Effective and consistent animal husbandry played a critical role in the four-month long study. From feeding and water changes, to atrazine dosing, to the measuring and behavioral observations, Mackens and a team of four other students (Heather Hedden ‘06, Lauren Wood ‘06, Travis Groth ‘06, and Ginger Loveingood ‘06) utilized the frogs in a comprehensive research project examining the influence of atrazine on the frogs’ ovaries (Mackens), livers (Hedden and Wood), testes (Groth) and larynx (Lovingood).
“The EPA lists 3ppb (parts per billion) as the safe standard for atrazine levels,” said Mackens. “For our study, we used 2ppb of atrazine to show that even a lower standard than that approved by the EPA could cause issues with frogs.” At these levels, mammals and birds do not exhibit direct negative effects, but they do experience a ripple effect. With frog ovaries compromised or destroyed, frog populations -- a food source for birds and mammals -- are decreasing. Less available food results in higher competition among birds and mammals for the same resources. Mackens’ study confirmed that atrazine is contributing to a known amphibian decline.
“Having the experience of this research and the tangible work of my study was incredibly helpful as I interviewed for graduate school. It boosted my confidence and sparked the interest of my interviewers for medical school. They weren’t aware this kind of research was being conducted at the undergraduate level,” said Mackens.
“I was able to educate some of my interviewers about some of the toxicants studied. They weren’t aware of them because they’d been out of active research for five or six years.” Interviewers were also impressed with Mackens’ undergraduate experience with comprehensive exams.

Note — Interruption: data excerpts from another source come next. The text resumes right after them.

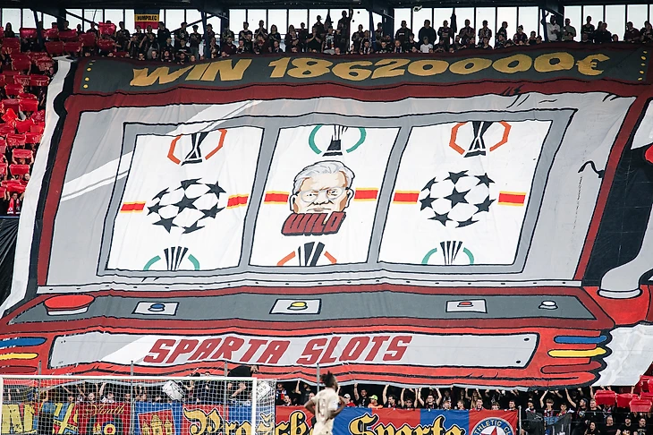 На фанатском баннере был изображен типичный игровой автомат, принцип работы которого максимально прост: игрок делает ставку (опускает в аппарат заранее купленный жетон либо купюры), дергает за рычаг и ожидает, какая комбинация выпадет на экране. Если комбинация окажется выигрышной — игрок срывает джек-пот, если же нет — деньги полностью «сгорают», оставаясь в заведении. Ультрас «Спарты» свой джек-пот получили — у них на экране выпала комбинация из двух мячей Лиги Чемпионов (такой же изображен на логотипе турнира), а также портрет нового тренера команды Ларса Фрииса. Датчанин минувшим летом сменил на этом посту своего соотечественника Брайна Приске, который в прошлом сезоне сделал золотой дубль (сезоном ранее он также привел «Спарту» к золотым медалям чемпионата) и до 1/8 финала Лиги Европы, где только «Ливерпуль» смог остановить пражский клуб. Теперь Приске ушел на повышение в «Фейенорд», чей коуч Арне Слот отправился на «Энфилд», ну а на смену Брайану пришел Фриис, который лишь 1,5 сезона проработал на родине в качестве главного тренера, до этого трудясь помощником в нескольких клубах (но в «Митьюлланде» пробыл аж 16 лет!).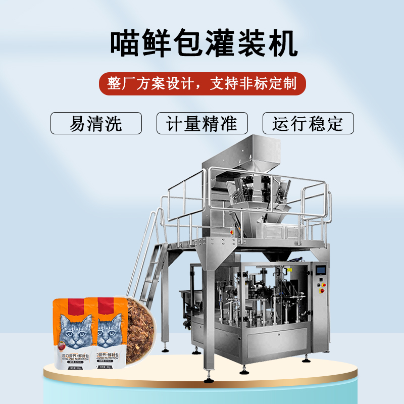 喵鮮包灌裝機適用于包裝貓糧、狗糧、濕糧、寵物食品、雞胸肉、三文魚、金槍魚、肉粒等多種產品包裝,質保一年,終身維修...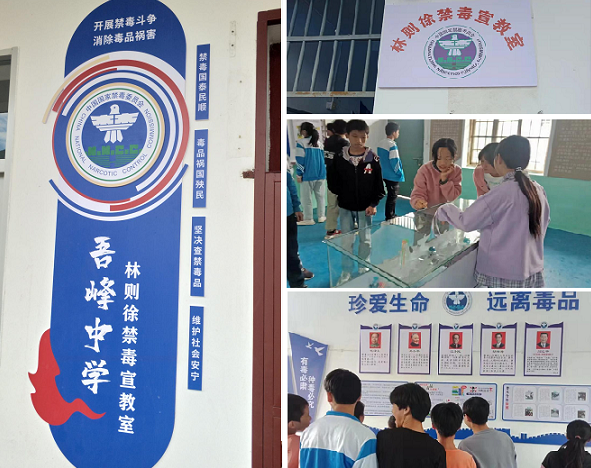为加强青少年禁毒宣传教育工作,充分发挥学校的禁毒宣传主阵地作用,近期,吾峰中学和吾峰南阳中学两所学校均建设了校园禁毒教育基地-林则徐禁毒宣教室。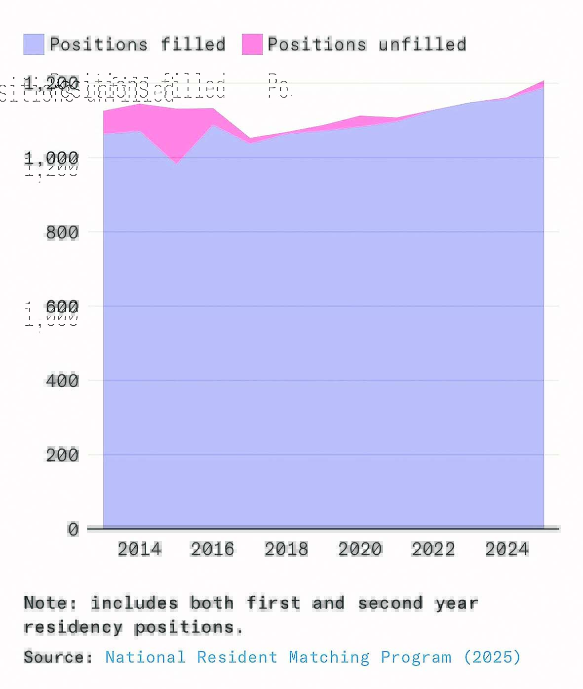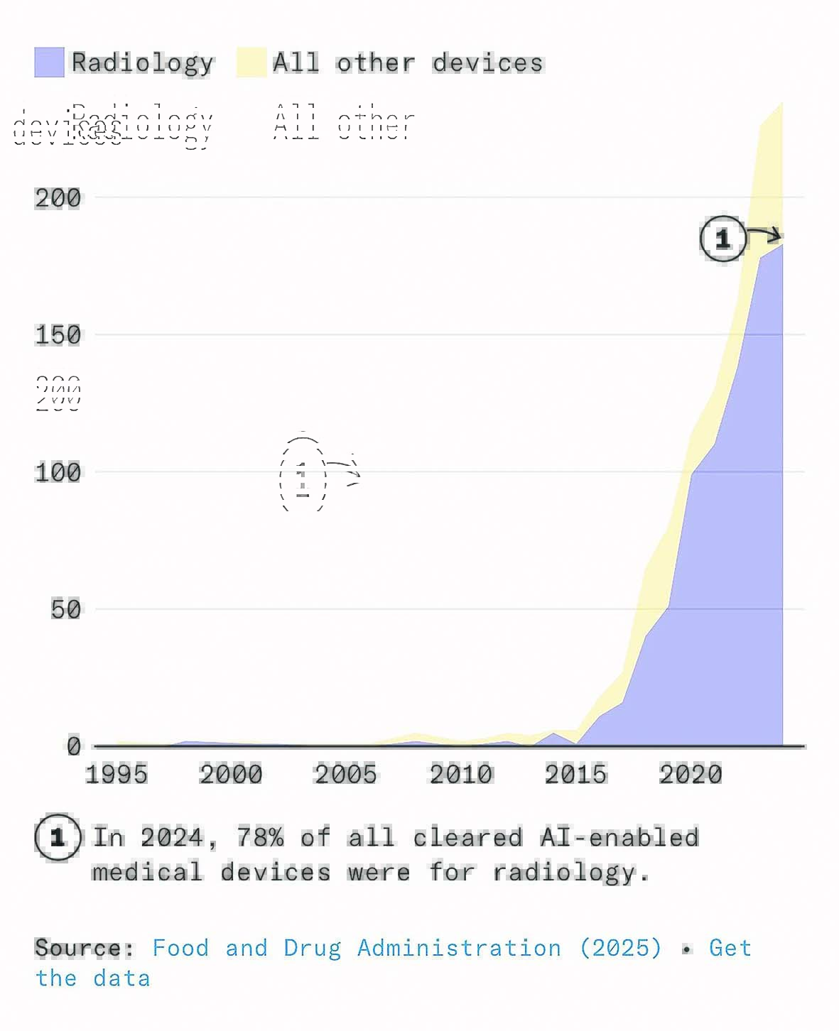 رادیولوژی حوزهای است که برای جایگزینی نیروی انسانی بهینهسازی شده است؛ جایی که ورودیهای دیجیتال، وظایف مبتنی بر تشخیص الگو و شاخصهای روشن غالب هستند. در سال ۲۰۱۶، جفری هینتون، دانشمند رایانه و برنده جایزه تورینگ اعلام کرد که «از همین حالا باید آموزش رادیولوژیستها را متوقف کرد.» اگر افراطیترین پیشبینیها درباره اثر هوش مصنوعی بر اشتغال و دستمزدها درست بود، آنگاه رادیولوژی باید مانند قناری در معدن زغالسنگ عمل میکرد و اولین نشانههای خطر را نشان میداد اما تقاضا برای نیروی انسانی بیش از هر زمان دیگری است. در سال ۲۰۲۵، برنامههای رزیدنتی رادیولوژی تشخیصی آمریکا رکورد ۱۲۰۸ موقعیت رزیدنتی را در تمام تخصصهای رادیولوژی ارائه دادند؛ افزایشی ۴درصدی نسبت به سال ۲۰۲۴. نرخ خالی بودن جایگاهها در این حوزه نیز به بالاترین سطح تاریخ خود رسیده است. در سال ۲۰۲۵، رادیولوژی دومین تخصص پردرآمد پزشکی در ایالات متحده بود، با درآمد متوسط ۵۲۰هزار دلار، یعنی بیش از ۴۸درصد بالاتر از میانگین سال ۲۰۱۵.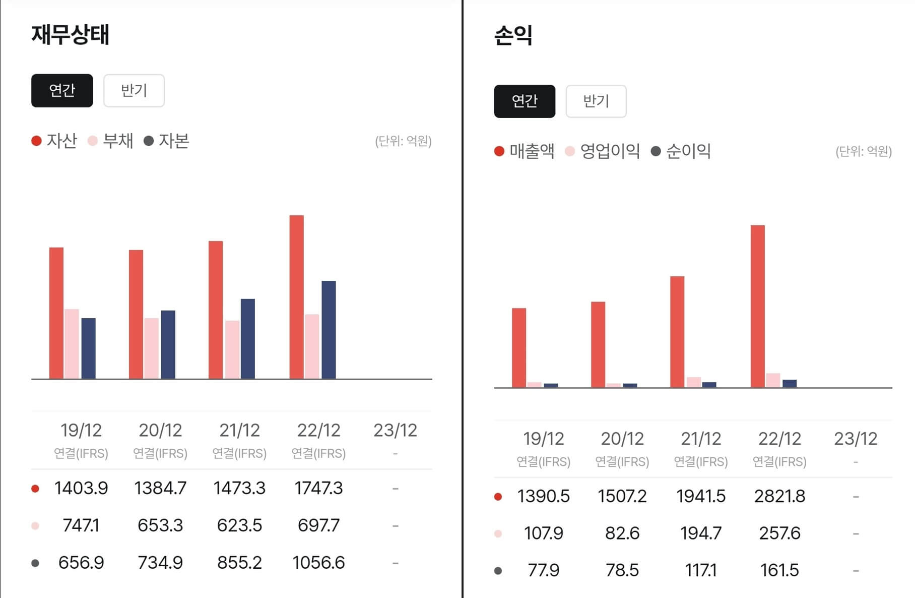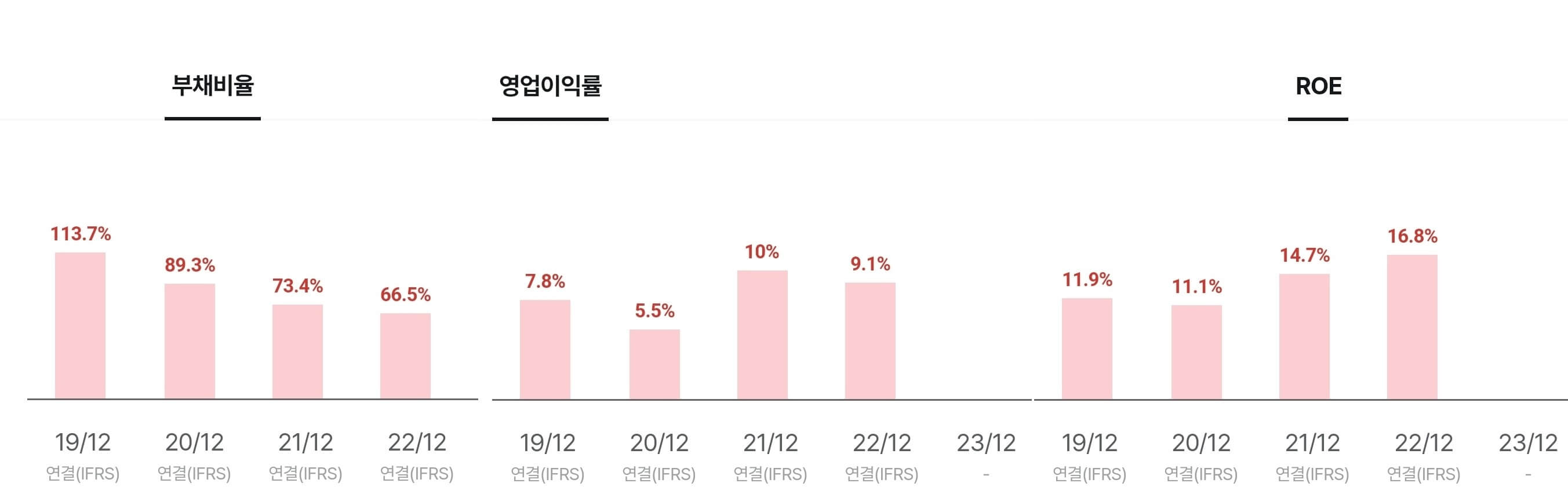매출이 45.5% 신장 한 반면 영업이익은 별차이 없는 점은 배달 쪽 이익감소 및 원자재가격 상승이 어느 정도 반영되었다고 볼 수 있겠습니다 23년 기준 매출액 대비 영업이익률은 6.2% 정도입니다.

But it is not only the student who reaps benefits from the process and experience of Senior Study. Dr. Crain quickly pointed to his observances and clarified notion of what makes a great study truly great.
“What this reinforced for me was that with any good scientific study there are more questions at the end than there are answers,” concluded the advisor. “We didn’t find as dramatic results as we expected, such as ovotestes [i.e., frogs exhibiting both male and female reproductive organs].” Crain also recognized that successful studies are often not so much about the experiment but about how one responds to the unanticipated problems.
“The mark of a good scientist is how he or she responds to problems, and Austin’s responses were both positive and productive during the entire process.”
Mackens applied to medical school at Wake Forest, East Tennessee State University and the University of Tennessee-Memphis, and is attending medical school at UT-Memphis.